Autos n: 0040582-55.2018.8.13.0525
Excipiente: Venâncio Batista Silva
Excepto: Emerson Faustino Carvalho de Lima
SENTENÇA
Visto, etc.
O excipiente VENANCIO BATISTA DA SILVA
apresentou exceção alegando nulidade do título por adulteração e a litigância de
má-fé. Requer a extinção da execução, nos termos do artigo 485, IV, do CPC e
indenização pela contratação de advogado, no importe de R$ 1.200,00.
O excepto manifestou pugnando pelo não
cabimento.
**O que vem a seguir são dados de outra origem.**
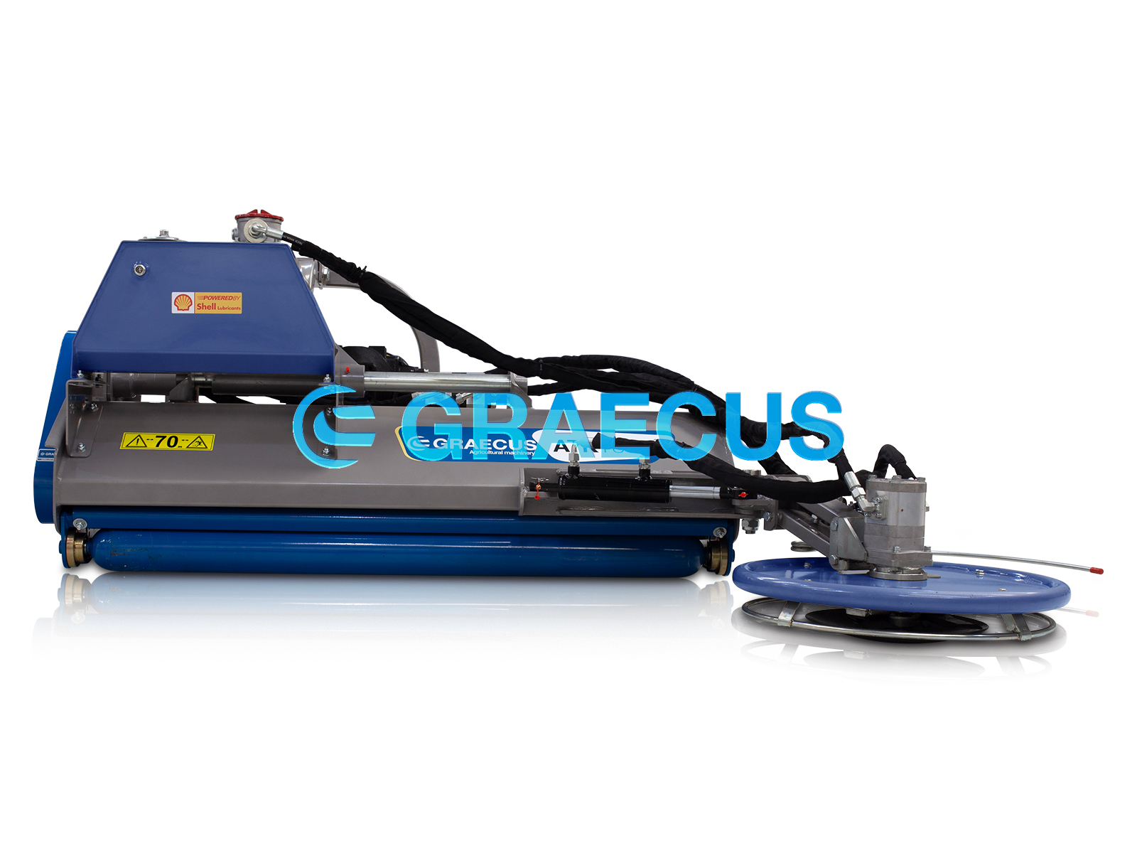 - Oldalra szerelt, hidraulikusan állítható kaszatárcsa antennával.
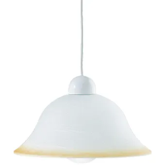 Lustreclassique avec Suspension à fil, la taille Ajustableet abat-jour en verre blanc. La décoration ambrée sur le bord de l'abat-jour donne une touche de couleur à l'environnement. Ligne XVIIIe siècle idéal pour décorer les chambres d'enfants et d'adolescents. Une ampoule non halogène je
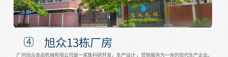 廣州旭眾食品機(jī)械有限公司是一家集科研開發(fā),生產(chǎn)設(shè)計(jì),營(yíng)銷服務(wù)為一體的現(xiàn)代化生產(chǎn)企業(yè)?,F(xiàn)代化生產(chǎn)車間,精湛制造技術(shù),所產(chǎn)機(jī)械歷經(jīng)市場(chǎng)重重考驗(yàn),不斷贏得海內(nèi)外客戶的贊譽(yù)。
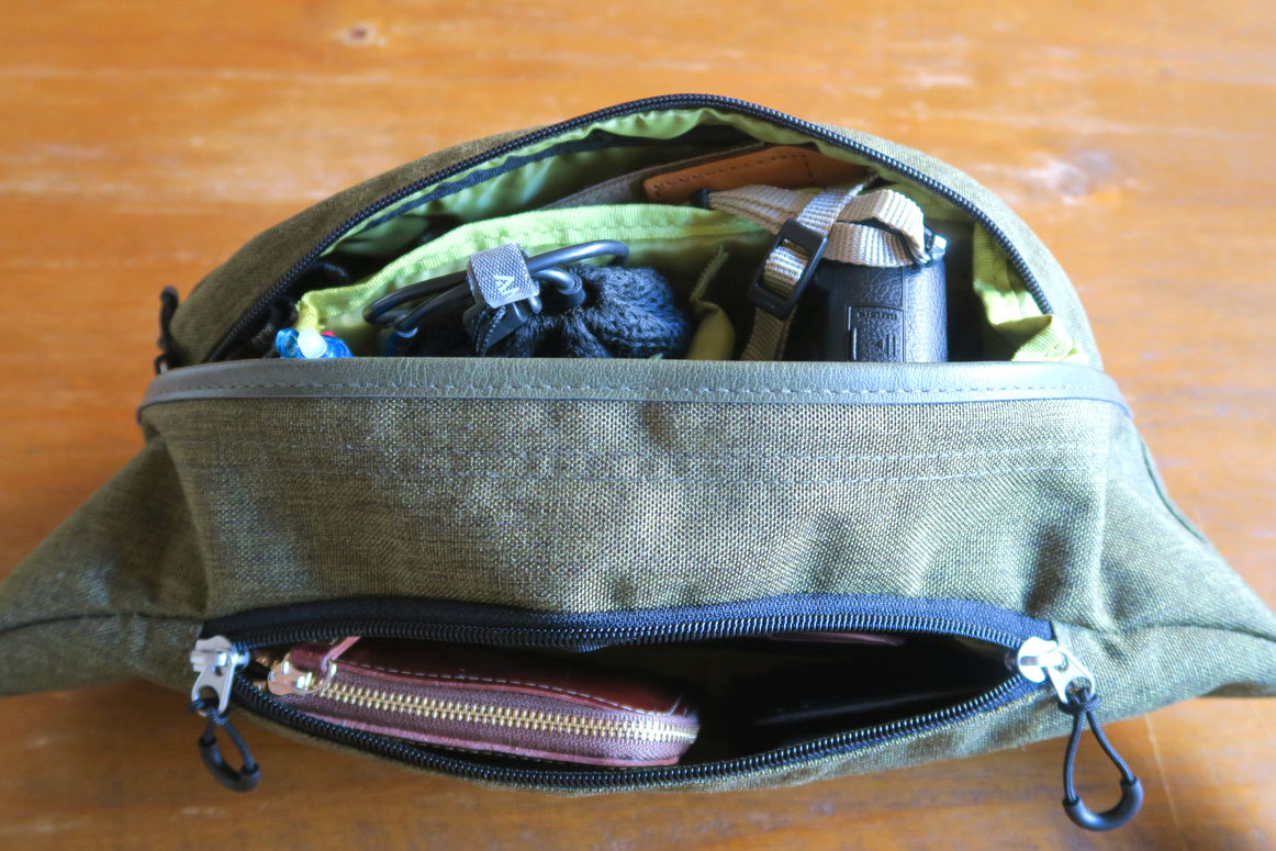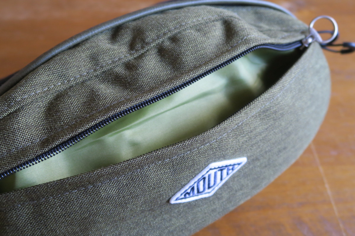 この手の表側にあるポケットって、多くのボディバッグには付いています。でも実はこれまで、有効に使えたことがなく…。おそらくこの「BUSY MOUTH」でもあまり使わいかも…。ただし、しっかりと閉められるので、予備のSDカードなどを入れておくにはいいかもしれません。

No mérito, nega a adulteração e afirma que houve erro do banco.
Requer o não acolhimento, a penhora do veículo e a condenação em litigância de
má-fé.
É o breve relato. Fundamento e decido.
Da preliminar de não cabimento da exceção:
A objeção de pré-executividade (incidente
inicialmente denominado como "excesso" por Pontes de Miranda) é criação da
doutrina e jurisprudência que visa tornar mais célere a prestação jurisdicional,
evitando a prática de atos que seriam desnecessários e inócuos (penhora,
imobilização patrimonial, embargos) naqueles casos em que nitidamente se
mostra impossível que a execução venha a prosperar.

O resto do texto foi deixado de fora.